What to work on
Apart from the images, repeat the data below exactly as written.

Dataset content
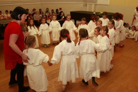 Izveli su niz tradicijskih pjesama s područja Posavine, Pokuplja, Turopolja te čeških dječjih tradicijskih plesova koje su marljivo pripremali tijekom godine. Njihov trud nagrađen je velikim pljeskom. Na izvrsnom nastupu djeci i odgajateljicama Ivanki Idžaković, Tihani Barać, Meliti Vujasić, Ani Mariji Ovas i Martini Sambol čestitala je ravnateljica Ljubica Ivšić.
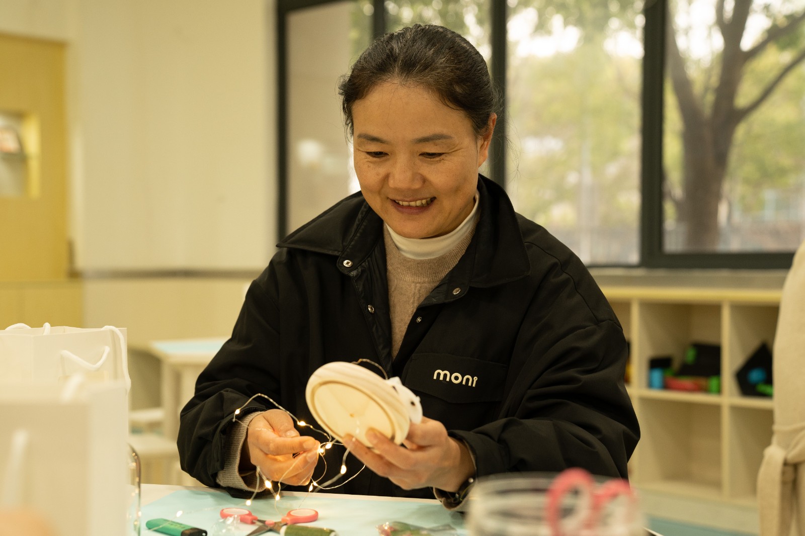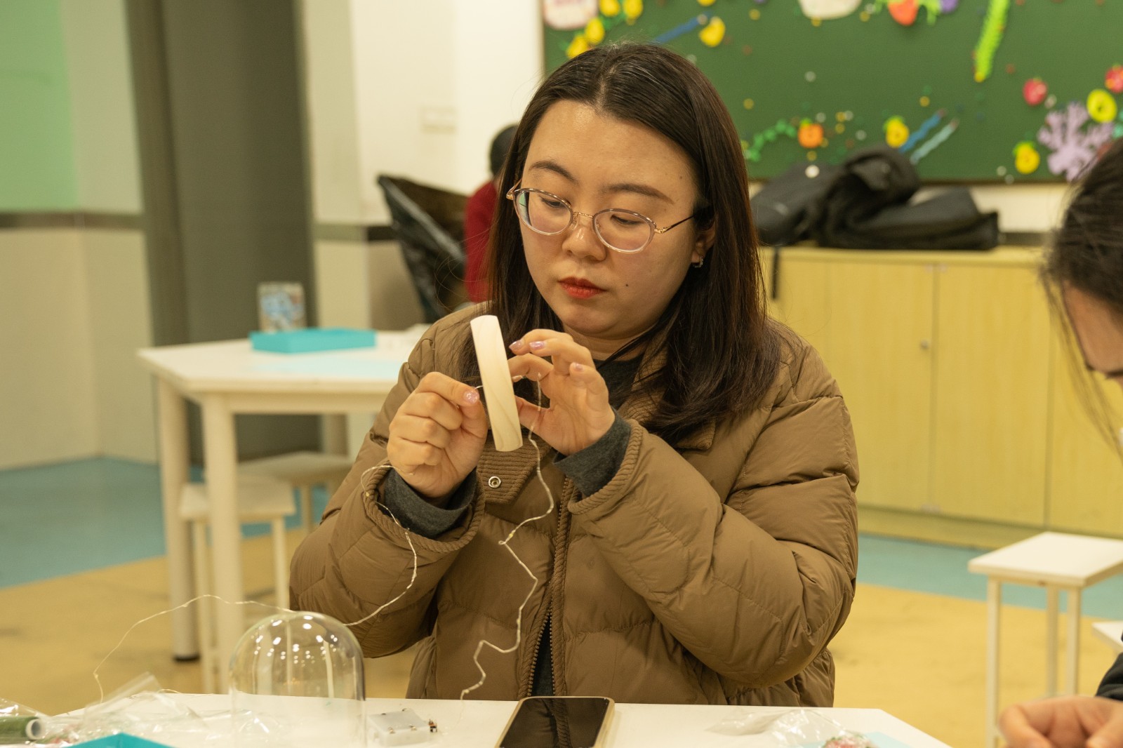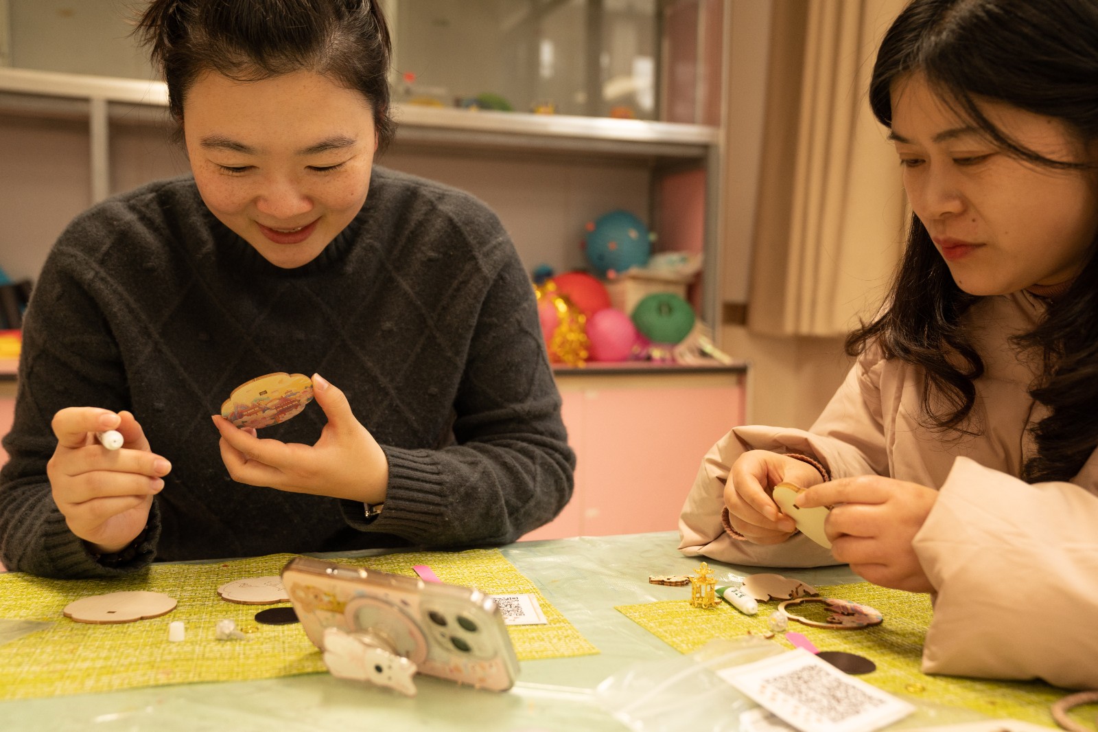 本次活动以“中式美学+动手乐趣”为核心,特设中式发光冰箱贴DIY、积木盆景拼搭、荷花灯制作三项特色体验,女教师们可根据个人喜好自主选择参与。中式发光冰箱贴DIY区,老师们用古风木质材料细致拼贴、创意组合,搭配柔暖 LED 灯,将中式的传统韵味与冰箱贴巧妙融合,点亮后的冰箱贴古朴又灵动,为“女神”们装点生活。
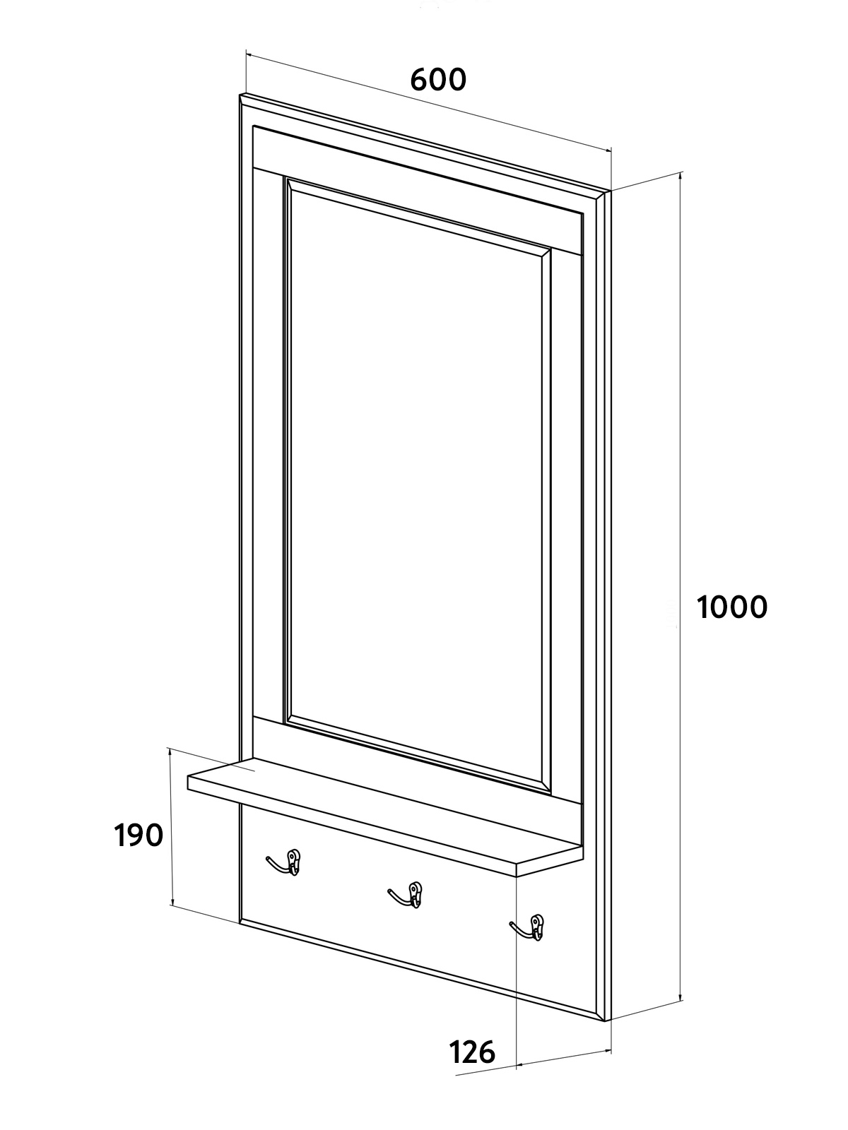 Размеры модуля (ш/г/в) в мм: 600х126х1000.

Response to the task
 Izveli su niz tradicijskih pjesama s područja Posavine, Pokuplja, Turopolja te čeških dječjih tradicijskih plesova koje su marljivo pripremali tijekom godine. Njihov trud nagrađen je velikim pljeskom. Na izvrsnom nastupu djeci i odgajateljicama Ivanki Idžaković, Tihani Barać, Meliti Vujasić, Ani Mariji Ovas i Martini Sambol čestitala je ravnateljica Ljubica Ivšić.
 本次活动以“中式美学+动手乐趣”为核心,特设中式发光冰箱贴DIY、积木盆景拼搭、荷花灯制作三项特色体验,女教师们可根据个人喜好自主选择参与。中式发光冰箱贴DIY区,老师们用古风木质材料细致拼贴、创意组合,搭配柔暖 LED 灯,将中式的传统韵味与冰箱贴巧妙融合,点亮后的冰箱贴古朴又灵动,为“女神”们装点生活。
 Размеры модуля (ш/г/в) в мм: 600х126х1000.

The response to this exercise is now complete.